Distributed Automation Processing

As we start using Automate to expand our workflows into the wider Enterprise, we may find that we need to add further CloudForms or ManageIQ appliances to spread the workload in our Region.

Automate has been designed to be scalable by supporting distributed worker appliances, each running the Automation Engine role and polling the VMDB database appliance for work. In this chapter we’ll take an in-depth look at how the automation operations are distributed between appliances via a central queue. This is another background information chapter, so feel free to skip on first read or bookmark for later reference.

Nondistributed Automation Operations

Not all automation operations need to have a distributed capability.
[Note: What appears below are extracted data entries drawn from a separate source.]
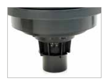
INTEGRATED ANTI-FOAM SYSTEM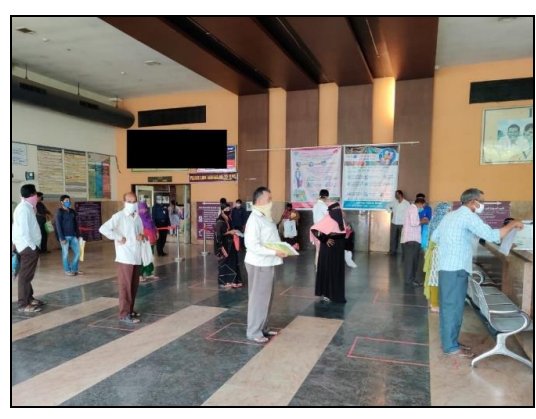
Fig 1: Designated boxes for patients to stand in queue maintaining adequate Social distance in the Registration area of Out-patient department.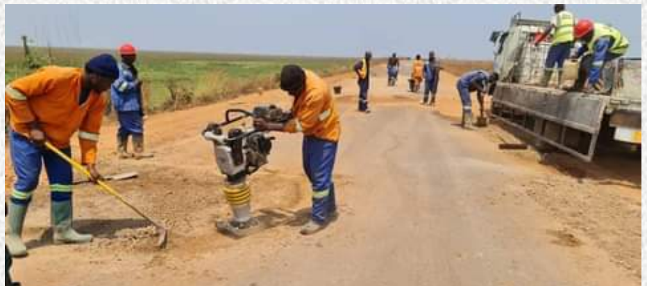
Pothole patching works on the Tuta Road.

The works are being carried out under Force Account by the Road Development Agency (RDA) Luapula Regional Office and are expected to be completed in November this year.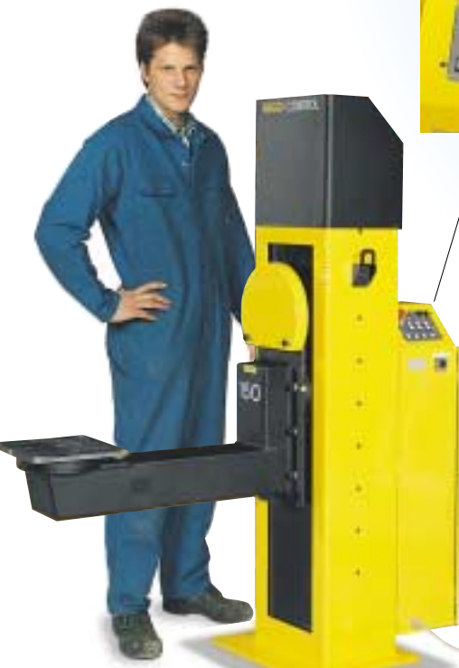
Capacity 150 kg

Some automation operations interact with a user through the WebUI, and these require an instance/method to be run directly on the WebUI node to which the user is logged-in. Such operations include:

  • Running an Automate instance from simulation

  • Automate instances that are run to populate dynamic dialog elements

Some other automation operations need to be executed synchronously and in a specific order, and these are also run on a single appliance to guarantee execution order. An example of this is running a control policy synchronous action type of Invoke a Custom Automation.

The Automation Engine role does not need to be enabled for these nondistributed automation operations to run.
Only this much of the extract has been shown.